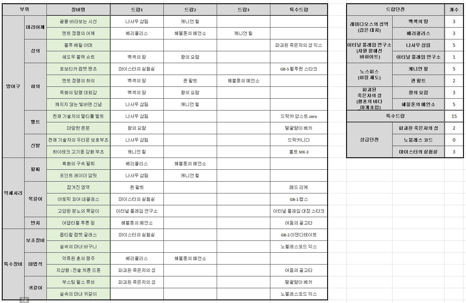 드래곤나이트 에픽 105제 장비 아이템 던전의 위치입니다. 아이템마다 등장하는 던전의 위치가 다르기 때문에 필요한 아이템을 확인하신 후 입장하시면 좋을 거 같습니다. 전체적으로 보면 나사우 삼림과 캐니언 힐, 헤블론의 예언소에서 5개씩 가장 많이 나오므로 이 던전을 우선시해야 합니다.
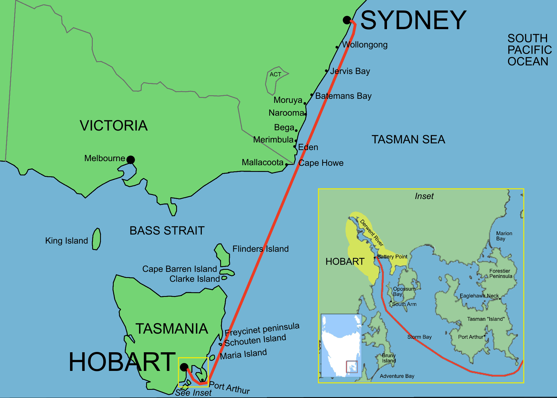 Poniżej: Trasa regat Sydney-Hobart. Ilustr.: Wikipedia
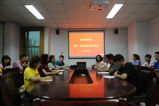 首先,袁楠老师代表戏剧与影视学院团总支作了重要讲话,她对出色的研究生们和即将毕业的大四学生给予了高度肯定,鼓励同学们要努力进取,奋斗不止。交流会中,刘旭东学长就自己在大学本科的追求过程为经,自身不断向上的心理状态为纬,向我们讲述了考研和大学中的历练这两件事不可替代的作用;张梦楠学姐就考研的态度问题和考研进程中应当注意的心态问题进行了详细的阐述;刘帅学长通过大量的数据,对当前考研形式进行了鞭辟入里的分析,为同学们考研指明方向;栗卓靖学姐以自己的切身经历向同学们讲述了考研的宝贵经验,铺开论述了考研当中四个重要的方面:选择、努力、方法、信念,强调要有效率的学习,多做真题;公冉然学姐分析了现在毕业生就业所面临的严峻形势,鼓励同学们要多学习,多实践,为踏入社会做好一切准备。张子恒、潘力学长通过朴实的语言,讲述了其在大学中的经历和见解,语言诙谐幽默,深入浅出,并把自己在搜集到的高校人才网等一系列求职网站与大家分享。
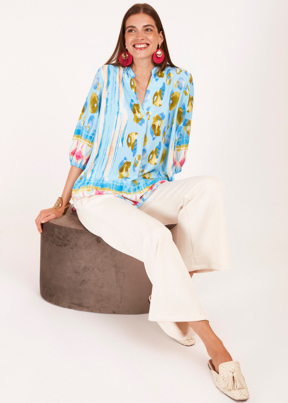 Diese stilvolle 3/4 Arm Druckbluse vereint Komfort und Eleganz, mit ihrem einzigartigen Muster und der schmeichelhaften Passform perfekt für jeden Anlass.
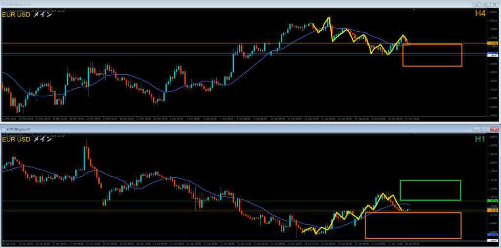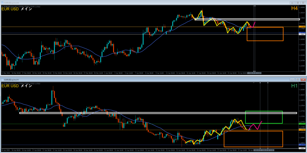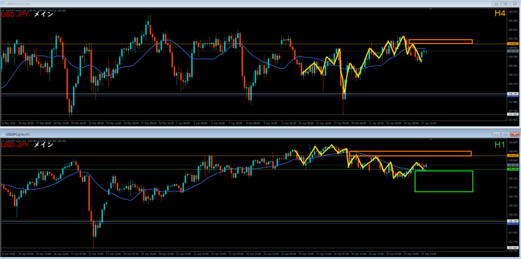 4時間足は安値を割って下落。そこから戻して確認しているエリア。
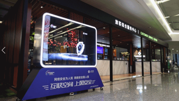 上海机场是我国三大门户枢纽之一,旅客吞吐量量全球第四。机场集团针对航空旅客这一群体,特别制作了8部系列动画短视频,提醒旅客谨防以机票退改签为由的各类网络诈骗等网络安全小知识,通过上海机场微信微博网站等新媒体矩阵,以及两场航站楼区域的电子屏予以线上发布,并同步推出扫码线上网络安全有奖问答互动活动。同时,在两场航站楼旅客动线上投放500多个电子屏,并在人流密集处设置大型裸眼3D宣传屏,营造共筑网络安全防线的浓厚氛围。
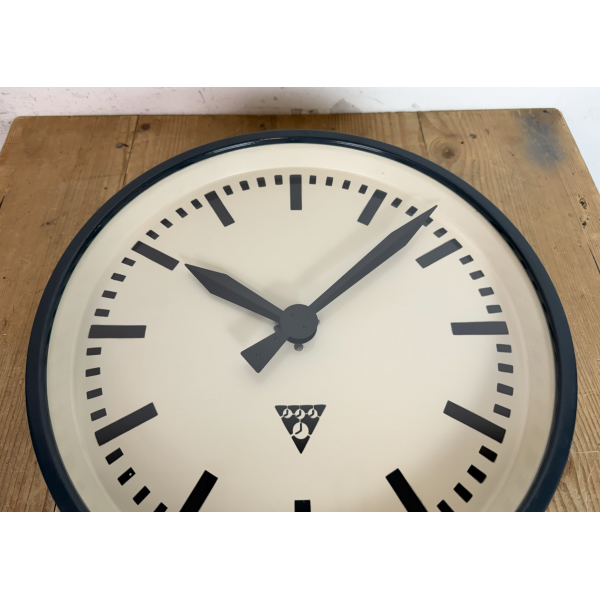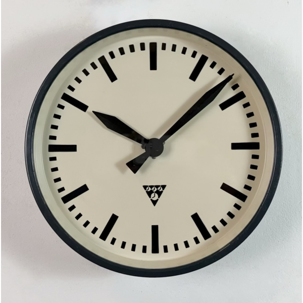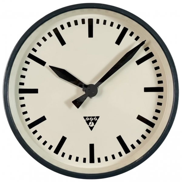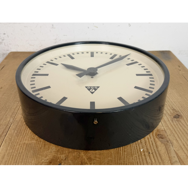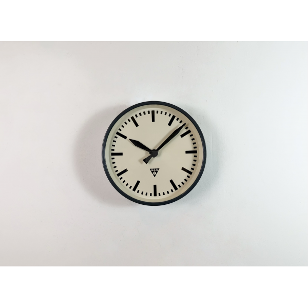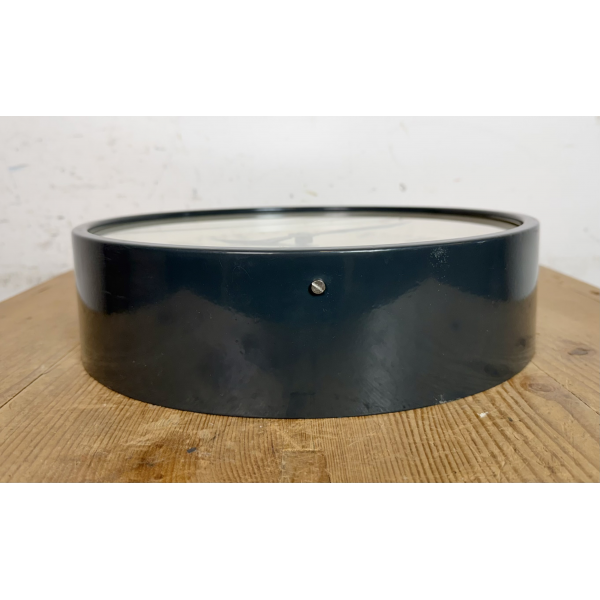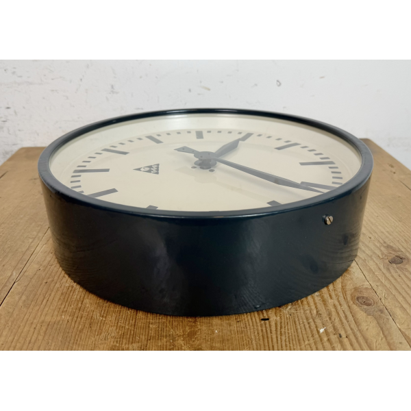 staré industriální hodiny, plechový rámhodiny jsou funkční strojek na baterieRozměry: průměr 33 cm , 8,5 cm výška od zdi, váha 2 Kg |
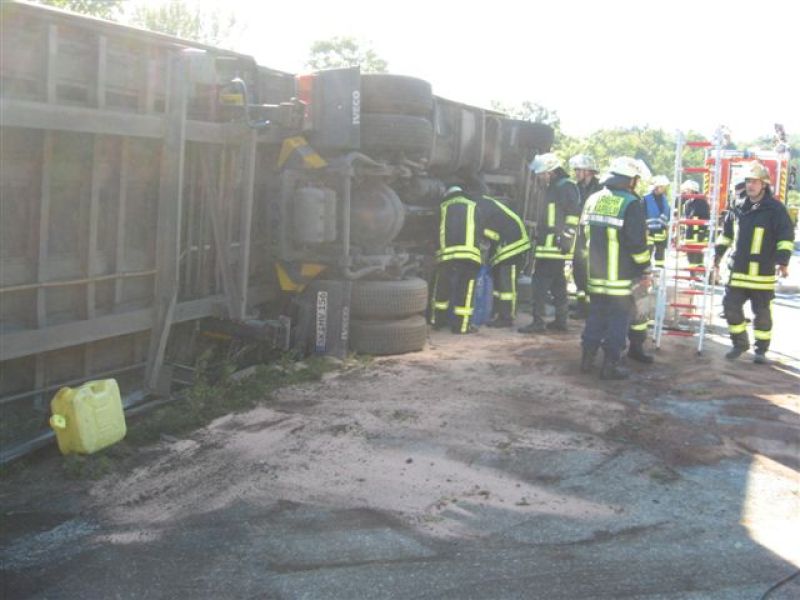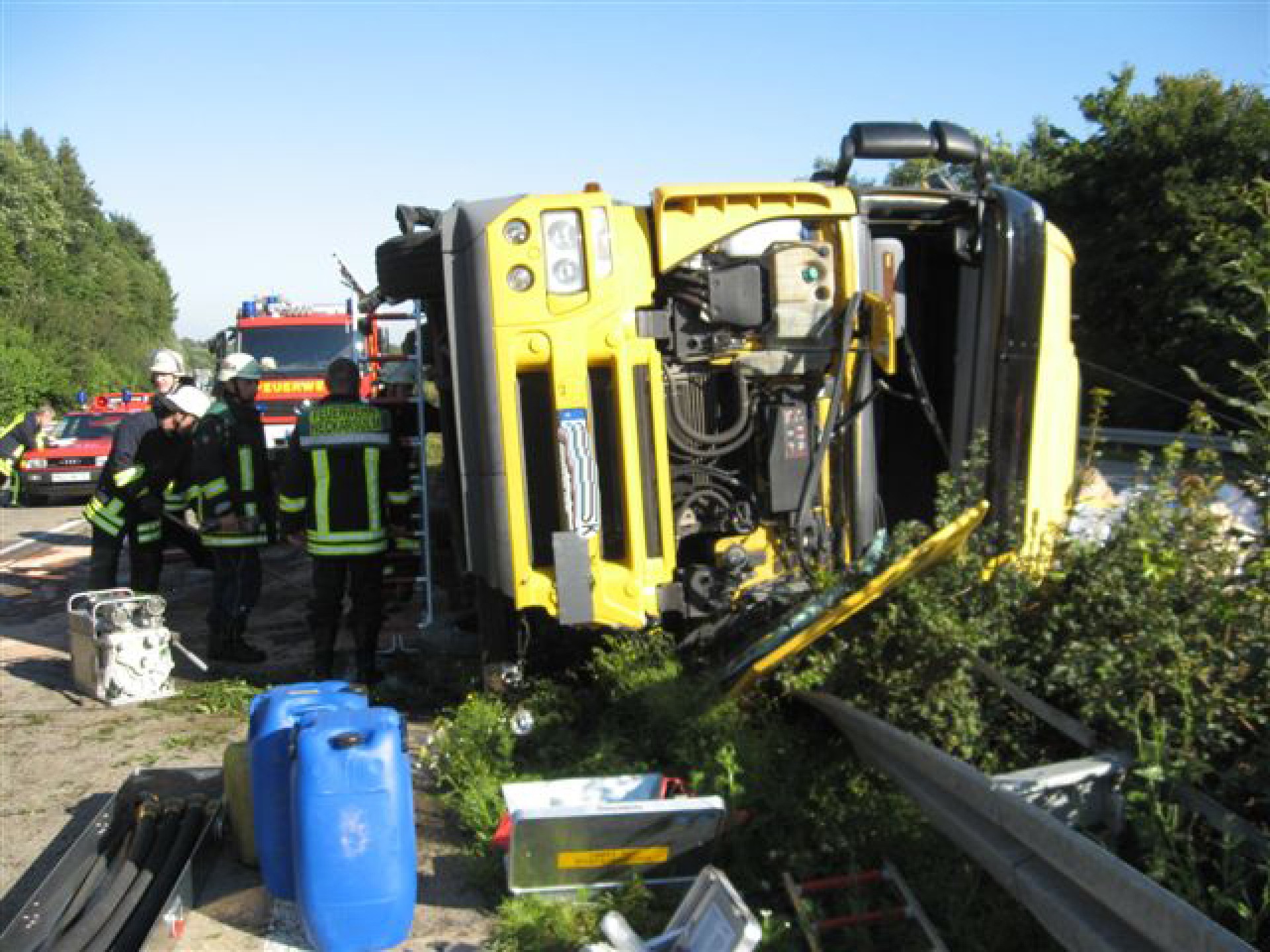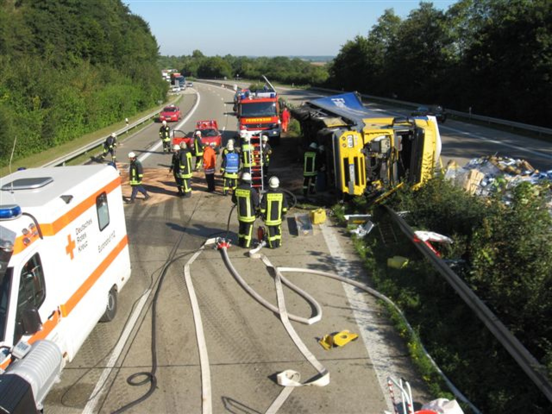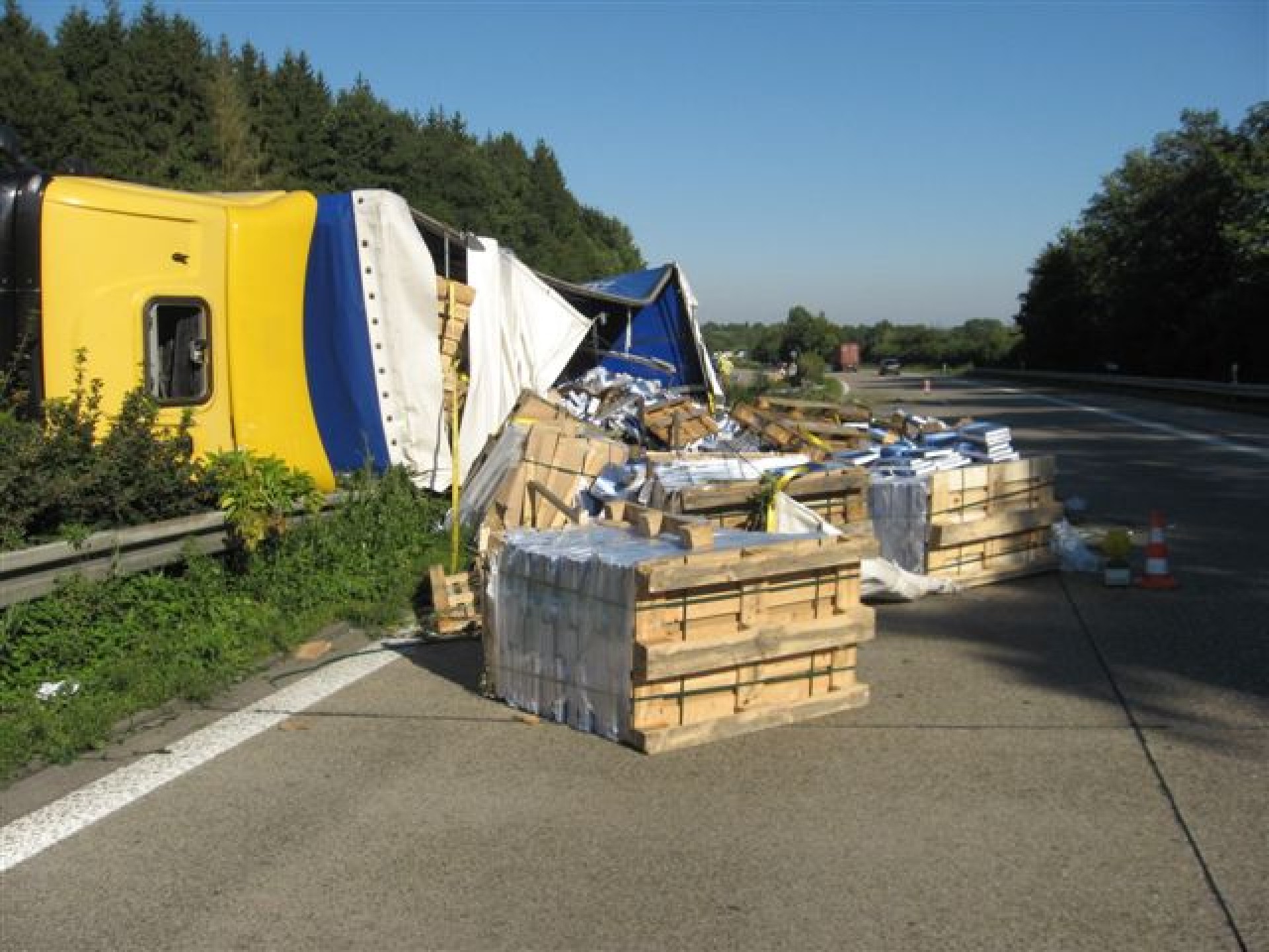 Ein 28-Jähriger war mit seinem Sattelzug in Richtung Stuttgart unterwegs. Kurz vor dem Tunnel Hölzern wollte er einen anderen LKW überholen, geriet hierbei aus unbekannter Ursache zu weit nach links und prallte gegen die Mittelleitplanke. Der Sattelzug kippte nach links auf die Leitplanken. Die Ladung, es handelt sich um technische Hydraulikhandbücher, verteilte sich auf dem linken Fahrstreifen und der Gegenfahrbahn. Der Fahrer erlitt einen Schock und wurde vorsorglich ins Krankenhaus gebracht. Aus dem umgestürzten Sattenzug liefen Öl und Diesel aus, die Feuerwehren Neckarsulm und Neuenstadt waren mit jeweils drei Fahrzeugen und neun Mann am Unfallort. Der entstandene Sachschaden wird nach jetzigem Kenntnisstand auf 80.000 Euro geschätzt.

****************

Every line from the one with "首先,袁楠老师代表戏剧与影视" through the one with "上海机场是我国三大门户枢纽之" is to be reproduced exactly as written above, and the pictures are to be dropped.

 首先,袁楠老师代表戏剧与影视学院团总支作了重要讲话,她对出色的研究生们和即将毕业的大四学生给予了高度肯定,鼓励同学们要努力进取,奋斗不止。交流会中,刘旭东学长就自己在大学本科的追求过程为经,自身不断向上的心理状态为纬,向我们讲述了考研和大学中的历练这两件事不可替代的作用;张梦楠学姐就考研的态度问题和考研进程中应当注意的心态问题进行了详细的阐述;刘帅学长通过大量的数据,对当前考研形式进行了鞭辟入里的分析,为同学们考研指明方向;栗卓靖学姐以自己的切身经历向同学们讲述了考研的宝贵经验,铺开论述了考研当中四个重要的方面:选择、努力、方法、信念,强调要有效率的学习,多做真题;公冉然学姐分析了现在毕业生就业所面临的严峻形势,鼓励同学们要多学习,多实践,为踏入社会做好一切准备。张子恒、潘力学长通过朴实的语言,讲述了其在大学中的经历和见解,语言诙谐幽默,深入浅出,并把自己在搜集到的高校人才网等一系列求职网站与大家分享。
 Diese stilvolle 3/4 Arm Druckbluse vereint Komfort und Eleganz, mit ihrem einzigartigen Muster und der schmeichelhaften Passform perfekt für jeden Anlass.
 4時間足は安値を割って下落。そこから戻して確認しているエリア。
 上海机场是我国三大门户枢纽之一,旅客吞吐量量全球第四。机场集团针对航空旅客这一群体,特别制作了8部系列动画短视频,提醒旅客谨防以机票退改签为由的各类网络诈骗等网络安全小知识,通过上海机场微信微博网站等新媒体矩阵,以及两场航站楼区域的电子屏予以线上发布,并同步推出扫码线上网络安全有奖问答互动活动。同时,在两场航站楼旅客动线上投放500多个电子屏,并在人流密集处设置大型裸眼3D宣传屏,营造共筑网络安全防线的浓厚氛围。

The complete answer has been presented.